Overview

A Clinical Trial of the Orelabrutinib in the Management of Refractory ITP

Status:
Not yet recruiting
Trial end date:
2024-06-01
Target enrollment:
0
Participant gender:
All
Summary
BTK participates in a variety of signal transduction of innate and adaptive immunity, and has an important role in cell proliferation, differentiation and apoptosis. The impact of BTK inhibitors on hematological malignancies and autoimmune diseases has been well studied. This project was undertaking by Qilu Hospital of Shandong University in China.
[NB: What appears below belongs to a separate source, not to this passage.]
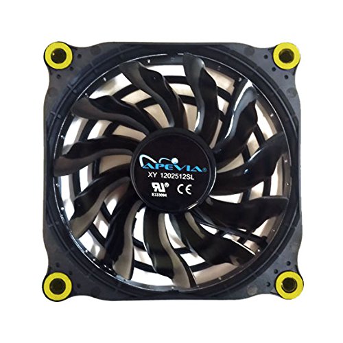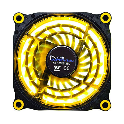 APEVIA 12L-DYL 120mm Silent Black Case Fan with 15 x Yellow LEDs & 8 x Anti-Vibration Rubber Pads - Best Value

In order to report the efficacy and safety of the selective BTK inhibitor Orelabrutinib in the management of refractory ITP.
Phase:
Phase 2
Accepts Healthy Volunteers?
No
Details
Lead Sponsor:
Shandong University
Criteria
Inclusion Criteria:

- Meet the diagnostic criteria for primary immune thrombocytopenia

- To show a platelet count < 30 * 10^9/L, or with bleeding manifestations, or both

- Willing and able to sign written informed consent

- Meet the diagnostic criteria of refractory ITP according to Chinese guidelines

Exclusion Criteria:

- Secondary thrombocytopenia

- severe immune-deficiency or history of primary immunodeficiency

- active or previous malignancy

- HIV virus infection, tuberculosis, or other active infection (sepsis, pneumonia, or
abscess)

- pregnancy or lactation

- diabetes

- hypertension

- cardiovascular diseases

- severe liver or kidney function impairment

- psychosis

- osteoporosis

- inflammatory bowel disease or gastric disease

- arterial or venous thromboembolism within the 6 months before screening or patients
who required anticoagulant treatment

- an organ or haematopoietic stem-cell transplantation

- neutrophil count of less than 1500 cells per mm³; glycosylated haemoglobin less than
8%; partial thromboplastin time 1∙5 times or less the upper limit of normal (ULN)

- clinical electrocardiogram changes

- neoplastic disease within the past 5 years

- corrected QT interval greater than 450 ms for men and greater than 470 ms for women;

- substance misuse within the previous 12 months; and those who could not adhere to the
protocol or were planning to have a surgical procedure in 6 months.